By Henry A. Kissinger, Published: March 5

Henry A. Kissinger was secretary of state from 1973 to 1977.

Public discussion on Ukraine is all about confrontation. But do we know where we are going? In my life, I have seen four wars begun with great enthusiasm and public support, all of which we did not know how to end and from three of which we withdrew unilaterally. The test of policy is how it ends, not how it begins.

Far too often the Ukrainian issue is posed as a showdown: whether Ukraine joins the East or the West. But if Ukraine is to survive and thrive, it must not be either side’s outpost against the other — it should function as a bridge between them.

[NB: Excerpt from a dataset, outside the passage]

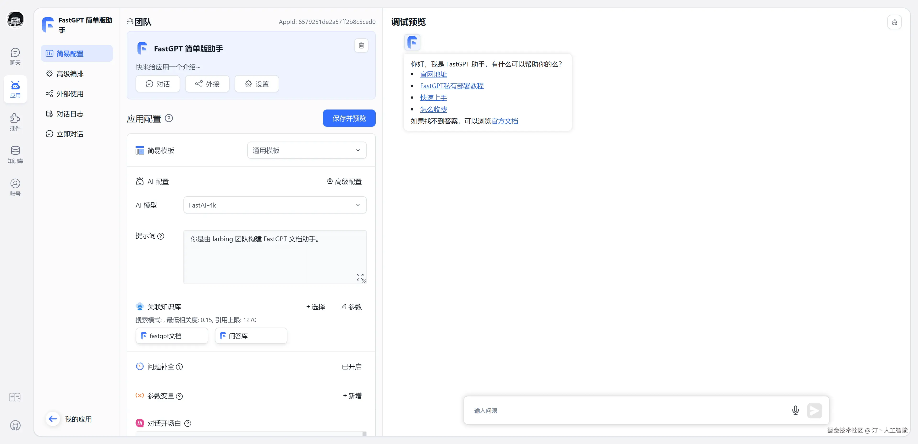 简单易用的可视化界面:FastGPT 采用直观的可视化界面设计,为各种应用场景提供了丰富实用的功能。通过简洁易懂的操作步骤,可以轻松完成 AI 客服的创建和训练流程。

Russia must accept that to try to force Ukraine into a satellite status, and thereby move Russia’s borders again, would doom Moscow to repeat its history of self-fulfilling cycles of reciprocal pressures with Europe and the United States.

The West must understand that, to Russia, Ukraine can never be just a foreign country. Russian history began in what was called Kievan-Rus. The Russian religion spread from there. Ukraine has been part of Russia for centuries, and their histories were intertwined before then. Some of the most important battles for Russian freedom, starting with the Battle of Poltava in 1709 , were fought on Ukrainian soil. The Black Sea Fleet — Russia’s means of projecting power in the Mediterranean — is based by long-term lease in Sevastopol, in Crimea. Even such famed dissidents as Aleksandr Solzhenitsyn and Joseph Brodsky insisted that Ukraine was an integral part of Russian history and, indeed, of Russia.

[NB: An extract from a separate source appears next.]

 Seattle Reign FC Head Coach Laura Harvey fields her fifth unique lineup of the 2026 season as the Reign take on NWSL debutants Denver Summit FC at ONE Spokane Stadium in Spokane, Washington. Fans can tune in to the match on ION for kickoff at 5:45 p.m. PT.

_http://www.britannica.com/EBchecked/topic/468225/Battle-of-Poltava


The European Union must recognize that its bureaucratic dilatoriness and subordination of the strategic element to domestic politics in negotiating Ukraine’s relationship to Europe contributed to turning a negotiation into a crisis. Foreign policy is the art of establishing priorities.

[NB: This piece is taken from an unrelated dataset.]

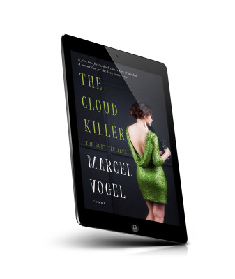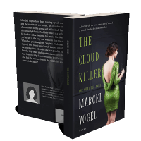 “A woman in a green sequined dress with an open back holds a glass. The background is dark with text about a book called "The Cloud Killer."”
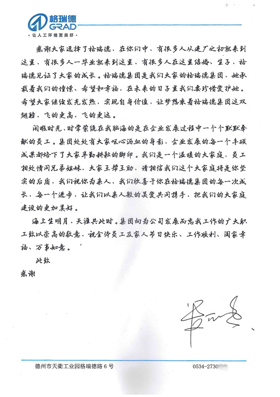格瑞德集團(tuán)93年成立以來(lái),27年的時(shí)間里我們由原來(lái)的德通實(shí)業(yè)發(fā)展為現(xiàn)在的山東格瑞德集團(tuán)有限公司,從單一的玻璃鋼手糊制品發(fā)展為中央空調(diào)、復(fù)合材料、通風(fēng)人防、環(huán)保工程四大系列產(chǎn)品?;仡櫦瘓F(tuán)的發(fā)展歷程,公司前進(jìn)的每一步都有大家流下的汗水,公司取得的榮譽(yù)里飽含著大家的智慧和心血!公司不會(huì)忘記大家為公司的發(fā)展壯大做出的貢獻(xiàn),今天的格瑞德集團(tuán)正站在一個(gè)嶄新的歷史路口,全產(chǎn)業(yè)鏈運(yùn)營(yíng)模式下集團(tuán)不斷改革創(chuàng)新,更需要您一如既往地與公司風(fēng)雨同舟、一路相伴。

The Ukrainians are the decisive element. They live in a country with a complex history and a polyglot composition. The Western part was incorporated into the Soviet Union in 1939 , when Stalin and Hitler divided up the spoils. Crimea, 60 percent of whose population is Russian , became part of Ukraine only in 1954 , when Nikita Khrushchev, a Ukrainian by birth, awarded it as part of the 300th-year celebration of a Russian agreement with the Cossacks. The west is largely Catholic; the east largely Russian Orthodox. The west speaks Ukrainian; the east speaks mostly Russian. Any attempt by one wing of Ukraine to dominate the other — as has been the pattern — would lead eventually to civil war or break up. To treat Ukraine as part of an East-West confrontation would scuttle for decades any prospect to bring Russia and the West — especially Russia and Europe — into a cooperative international system.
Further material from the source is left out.